Ramazan ayı boyunca fiziksel aktivite de genellikle belirgin bir şekilde sınırlanmaktadır ve bu durum mutlaka kontrol edilmelidir. Beslenme içeriği kalori düzeyi aynı kalsa bile fiziksel aktivitedeki azalma kilo alımıyla sonuçlanabilir. Egzersizler, akşam yemeğinden sonra veya sabah yemekten önce rahatlıkla yapılabilir. Yürümek veya bisiklete binme gibi aerobik egzersizler tercih edilir ve özellikle namazlarda yer alan fiziksel zorunlulukta da faydalı katkıda bulunabilir.Peki hangi kalp hastalarının oruç tutmaları sakıncalıdır?

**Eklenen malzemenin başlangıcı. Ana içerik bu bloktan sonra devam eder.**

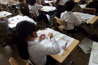 生活科「自分はっけん」のまとめを行っています。小さかった頃の私、こども園のころの私、そして、現在の私、未来の私へのメッセージ。今の私が未来の私へつながっていきます。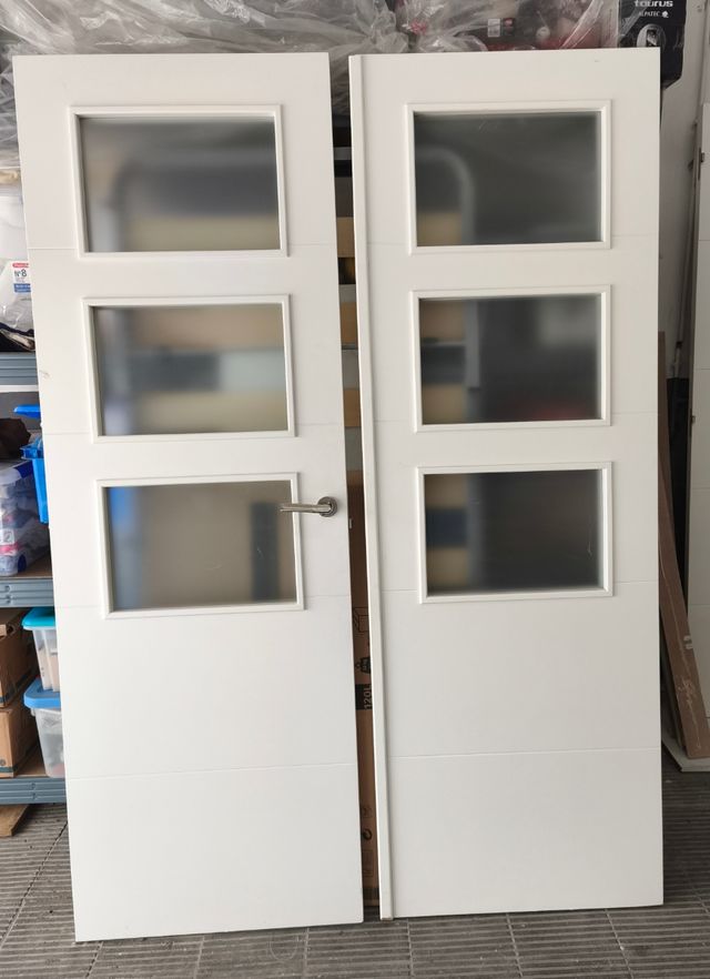 Puerta doble: Fija: 710mm L x 35mm A x 2087mmH móbil: 707mm L x 35mm A x 2087mm H Tapetas incluidas

- Son 1 yıl içinde yeni kalp krizi geçirenler,
- Kalp hastalığına bağlı kontrol altına alınamayan şikayeti olanlar,
- Çoklu ilaç kullanımını gerektiren kalp yetersizliği olanlar,
- Kontrolsüz hipertansiyonu olan hastalar,
- Bypass ameliyatı olmuş, kalp yetersizliği nedeniyle hastaneye yatıp çıkmış hastalar,
- Kalp kapak protezi ya da artmış inme riski nedeniyle kan sulandırıcı ilaç kullananların oruç tutmaları önerilmez.